I love it. It's great. You know, I mean, no, absolutely. It's one of those funny things, we use a word to mean a million different things. And the way I kind of focus on person is in this moral-legal sense, because that's the tradition I'm from. But I mean, personality, you know, it's like, are there idiosyncratic characteristics of a person that gives them a kind of stable set of responses to the world? And the answer is, yeah, my dog has a wonderful person — well, my dog has a personality, maybe not always wonderful. She needs to chill around other dogs. But you know, dogs have personalities. You know, babies have personalities. Even though saying they're persons is way premature.
Personality is fine. But I think when we talk about the kind of personality that would demand being invested in something, we’re not there yet. ChatGPT if you say, “I'd like you to be really invested in making sure that you always talk about Sam Altman in a good way and you really sell that,” it'll forget, you know. It doesn't care. It doesn't matter to ChatGPT. It's something that it'll do as long as the context window still has some shred of that directive. And then it stops.

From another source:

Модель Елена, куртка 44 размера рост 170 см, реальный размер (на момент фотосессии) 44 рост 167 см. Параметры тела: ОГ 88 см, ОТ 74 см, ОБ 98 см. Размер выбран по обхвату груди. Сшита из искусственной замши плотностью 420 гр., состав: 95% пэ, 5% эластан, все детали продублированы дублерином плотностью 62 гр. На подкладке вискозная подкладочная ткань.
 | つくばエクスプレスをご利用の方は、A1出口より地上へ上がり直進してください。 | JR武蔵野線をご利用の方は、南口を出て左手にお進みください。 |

And so it'll have a personality in the sense, here's how I as ChatGPT generally respond to these queries, but it doesn't have any investment in any particular set of beliefs. And so what Haugeland is really interested in is, look, there's this weird thing. Humans, they adopt certain beliefs that just transform who they are. You know, you have somebody who is a Buddhist monk and changes how they dress, changes how they talk, changes the things that they're willing to do—
I recently became a vegetarian.
I mean, it is something that people take very seriously, and it is something that it shapes how you interact with other situations where you feel comfortable going, what kind of conversations you feel comfortable having. If I came in and said — which I don't believe — “Vegetarians are fools,” you would take offense at that. And that is something about being a person beyond just having a personality. If I say, you know, like, “Oh, you're quirky,” nobody really cares. It's not their idiosyncrasies. It's the fact that they have deep rooted beliefs that they're willing to go to the mat for. And we don't want ChatGPT to do that.

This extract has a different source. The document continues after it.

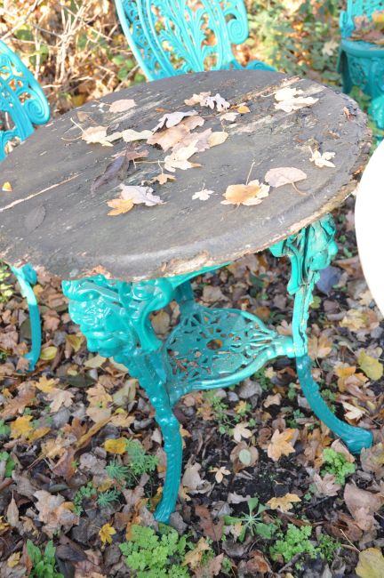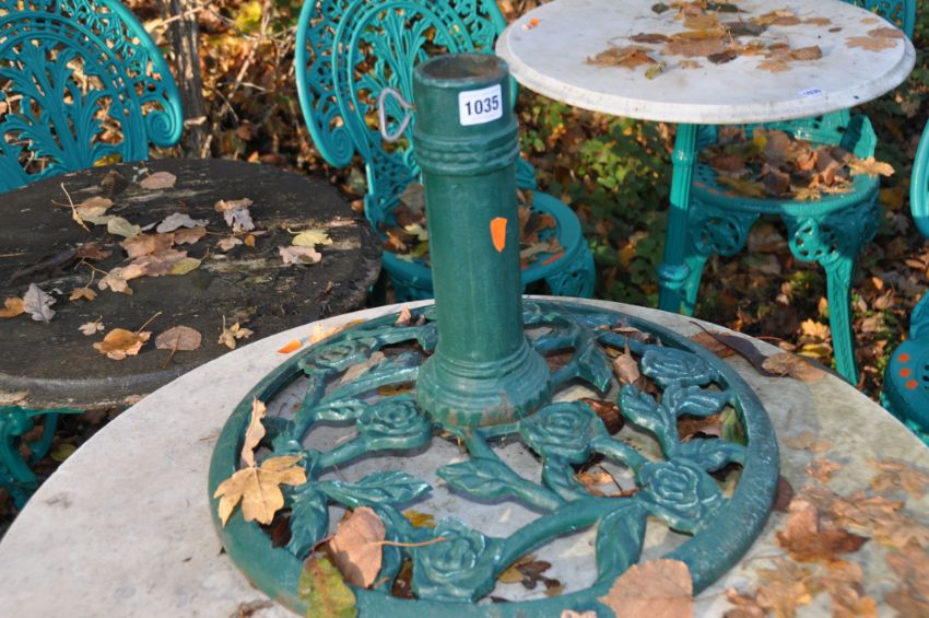 TWO VICTORIAN STYLE CAST IRON PUB TABLES, one with a white marble, 74cm round top, the other with a very weathered wooden top along with a parasol base (3)

I mean, we might eventually want an agent to do that. We might have an agent where we say, look, “Your goal is just to defend the integrity of the United States,” I don't know, we might want that. But that's not what we want right now. We want AI systems that are capable of being playful and can inhabit a certain personality for a minute and then change to a different one. We like that about language models, but we're not yet at the point where we want them to start having deep rooted beliefs that shape how they react to the world.
And in that sense, I guess when we talk about personality for large language models today, it's really more of an artifact of a little bit of maybe the difference in architecture of models, combined with fine-tuning that gives large language models some consistent differences in output that might, you know, manifest in the way they answer questions to different standardized written tests, including personality tests.
Absolutely. I mean, you're going to have people who are like, “I want ours to be crisp and professional,” and somebody else is like, “I want them to be kind of friendly.” I don't want to say something unkind, but I didn't find Grok very funny in their their demos of it. And, you know, I mean, all right, you have Grok and it has a personality to it's trying to tell you jokes and it's trying to be light hearted. Fine. Okay. I mean, that's another option. You have the option of having a really cringe language model if you want.
What about this idea of Artificial General Intelligence or AGI? Now, AGI has different definitions, but generally speaking, the idea is that an AGI is an AI that could do many tasks at or near the level of a human. So, for example, it could do math, but it could also play video games, it could write poetry, it could make business decisions, and so on. But from speaking with you so far, I'm getting the sense that Artificial General Intelligence and personhood are two totally distinct concepts. Is that right?
Yeah, I think they're pretty orthogonal. I mean, like, you know, I disagreed with it, but Blaise Agüera y Arcas and Peter Norvig had this piece, “AGI is already here,” and I don't think that's right. But, you know, like, I totally think that at some point you will have a machine that can do a lot of different tasks, and I think we're a ways away from it.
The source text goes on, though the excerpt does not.